### Task details
Would you restate the listing word for word, with the images omitted?

Segment Open

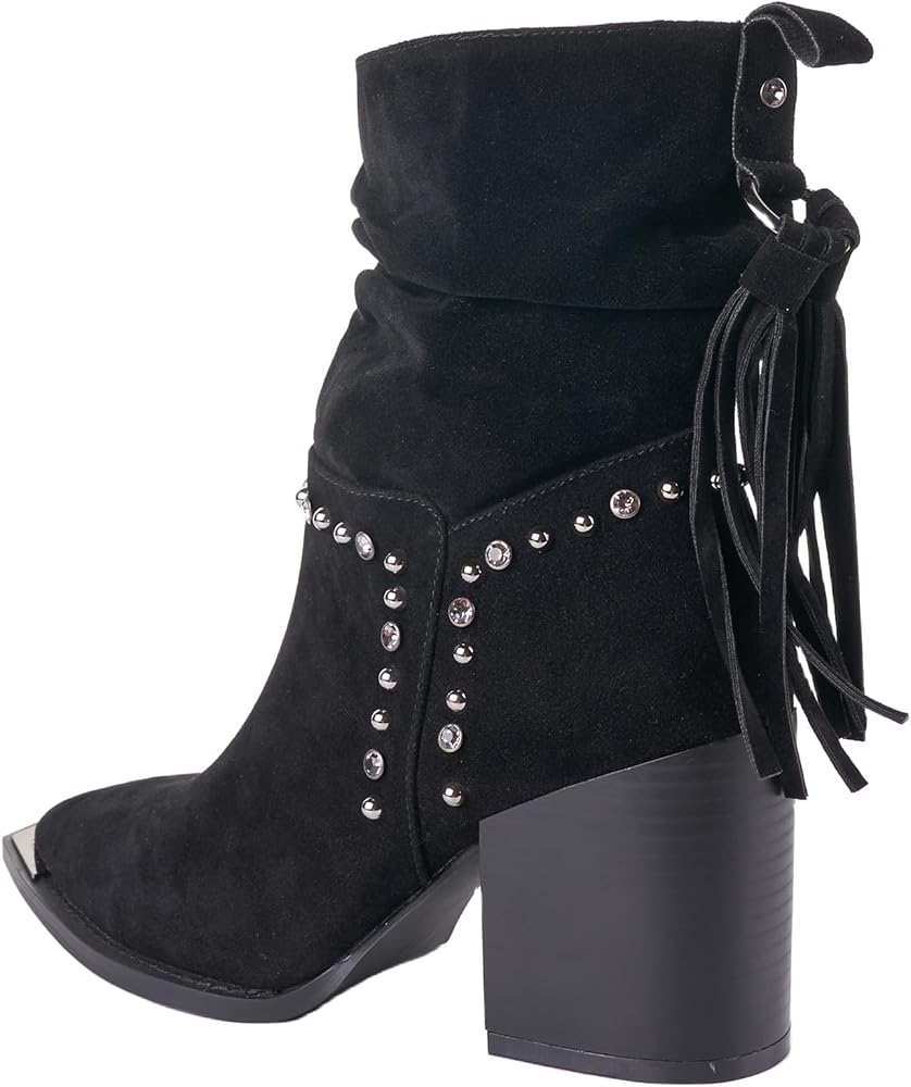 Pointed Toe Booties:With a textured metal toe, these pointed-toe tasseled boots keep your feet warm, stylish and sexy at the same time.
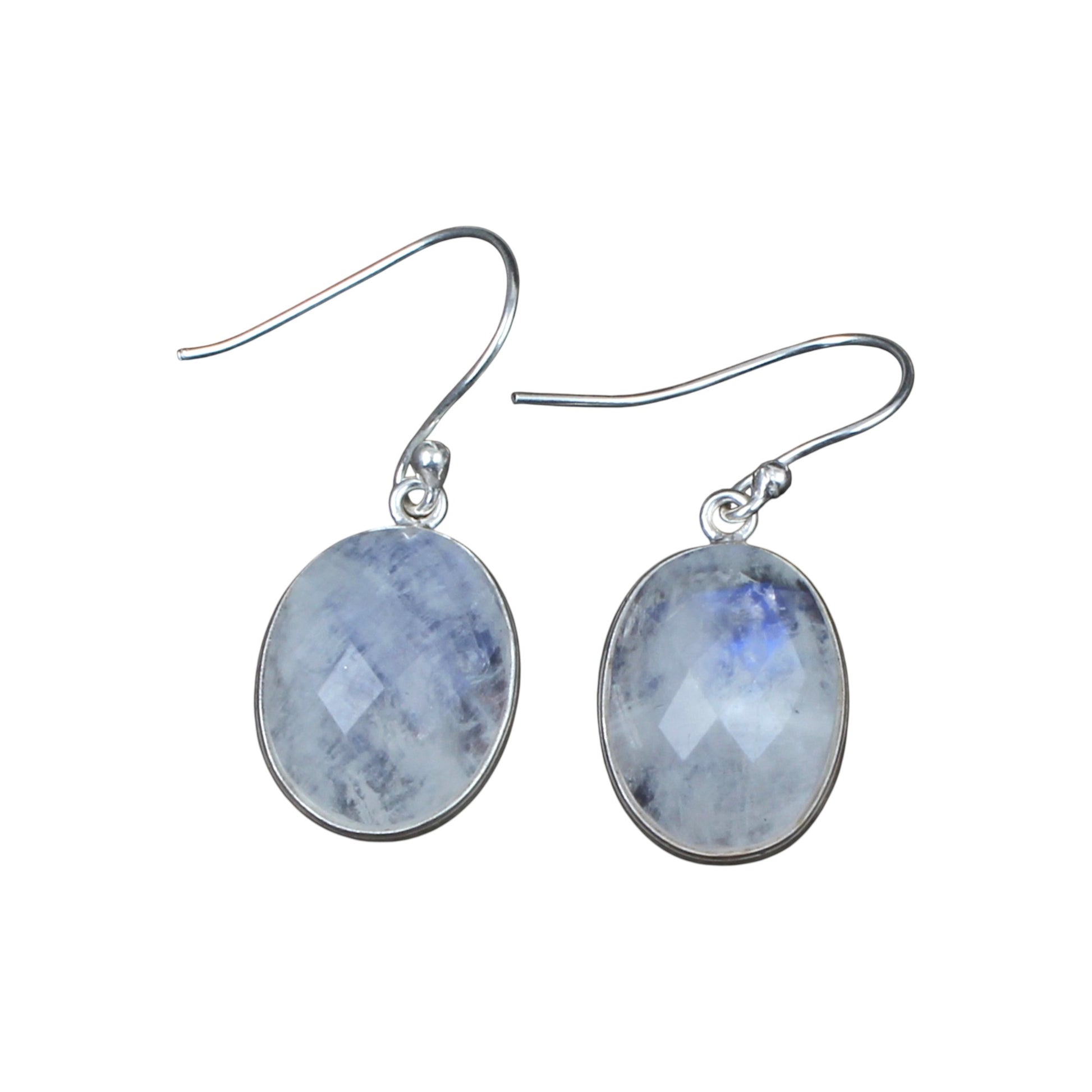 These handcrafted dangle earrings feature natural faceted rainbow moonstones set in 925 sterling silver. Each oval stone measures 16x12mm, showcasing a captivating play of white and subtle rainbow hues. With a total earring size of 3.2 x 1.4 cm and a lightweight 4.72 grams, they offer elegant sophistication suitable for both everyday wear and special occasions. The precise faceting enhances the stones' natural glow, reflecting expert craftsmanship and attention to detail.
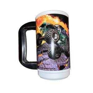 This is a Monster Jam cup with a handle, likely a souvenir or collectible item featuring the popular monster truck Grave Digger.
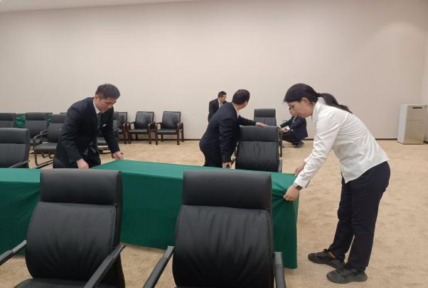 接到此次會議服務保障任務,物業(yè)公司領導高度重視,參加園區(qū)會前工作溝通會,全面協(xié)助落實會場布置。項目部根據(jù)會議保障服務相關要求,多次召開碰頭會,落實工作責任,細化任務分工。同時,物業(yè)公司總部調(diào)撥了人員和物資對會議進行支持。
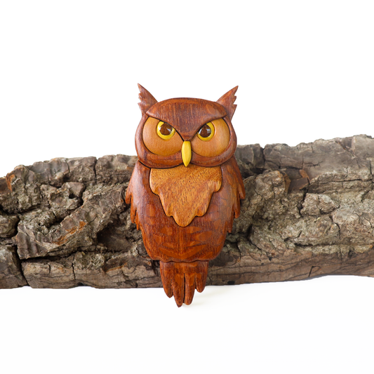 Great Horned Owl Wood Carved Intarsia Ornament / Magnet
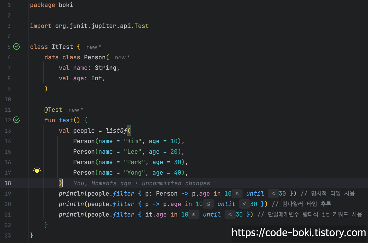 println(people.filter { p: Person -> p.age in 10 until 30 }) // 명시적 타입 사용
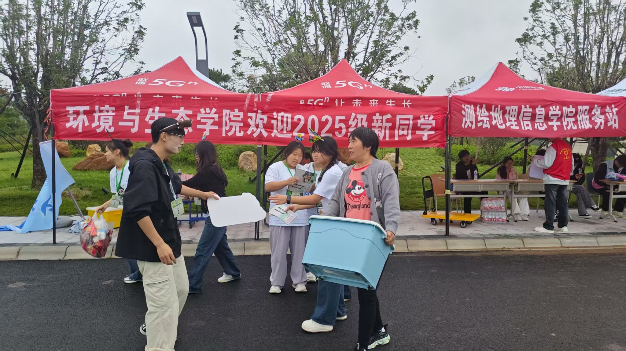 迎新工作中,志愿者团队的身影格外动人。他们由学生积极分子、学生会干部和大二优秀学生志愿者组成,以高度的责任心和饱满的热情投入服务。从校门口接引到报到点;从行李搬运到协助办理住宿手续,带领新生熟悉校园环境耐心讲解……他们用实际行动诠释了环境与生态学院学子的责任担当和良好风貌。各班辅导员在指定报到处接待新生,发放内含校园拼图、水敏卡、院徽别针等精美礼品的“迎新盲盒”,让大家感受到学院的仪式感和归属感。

Segment Closed

### Exercise output
 Pointed Toe Booties:With a textured metal toe, these pointed-toe tasseled boots keep your feet warm, stylish and sexy at the same time.
 These handcrafted dangle earrings feature natural faceted rainbow moonstones set in 925 sterling silver. Each oval stone measures 16x12mm, showcasing a captivating play of white and subtle rainbow hues. With a total earring size of 3.2 x 1.4 cm and a lightweight 4.72 grams, they offer elegant sophistication suitable for both everyday wear and special occasions. The precise faceting enhances the stones' natural glow, reflecting expert craftsmanship and attention to detail.
 This is a Monster Jam cup with a handle, likely a souvenir or collectible item featuring the popular monster truck Grave Digger.
 接到此次會議服務保障任務,物業(yè)公司領導高度重視,參加園區(qū)會前工作溝通會,全面協(xié)助落實會場布置。項目部根據(jù)會議保障服務相關要求,多次召開碰頭會,落實工作責任,細化任務分工。同時,物業(yè)公司總部調(diào)撥了人員和物資對會議進行支持。
 Great Horned Owl Wood Carved Intarsia Ornament / Magnet
 println(people.filter { p: Person -> p.age in 10 until 30 }) // 명시적 타입 사용
 迎新工作中,志愿者团队的身影格外动人。他们由学生积极分子、学生会干部和大二优秀学生志愿者组成,以高度的责任心和饱满的热情投入服务。从校门口接引到报到点;从行李搬运到协助办理住宿手续,带领新生熟悉校园环境耐心讲解……他们用实际行动诠释了环境与生态学院学子的责任担当和良好风貌。各班辅导员在指定报到处接待新生,发放内含校园拼图、水敏卡、院徽别针等精美礼品的“迎新盲盒”,让大家感受到学院的仪式感和归属感。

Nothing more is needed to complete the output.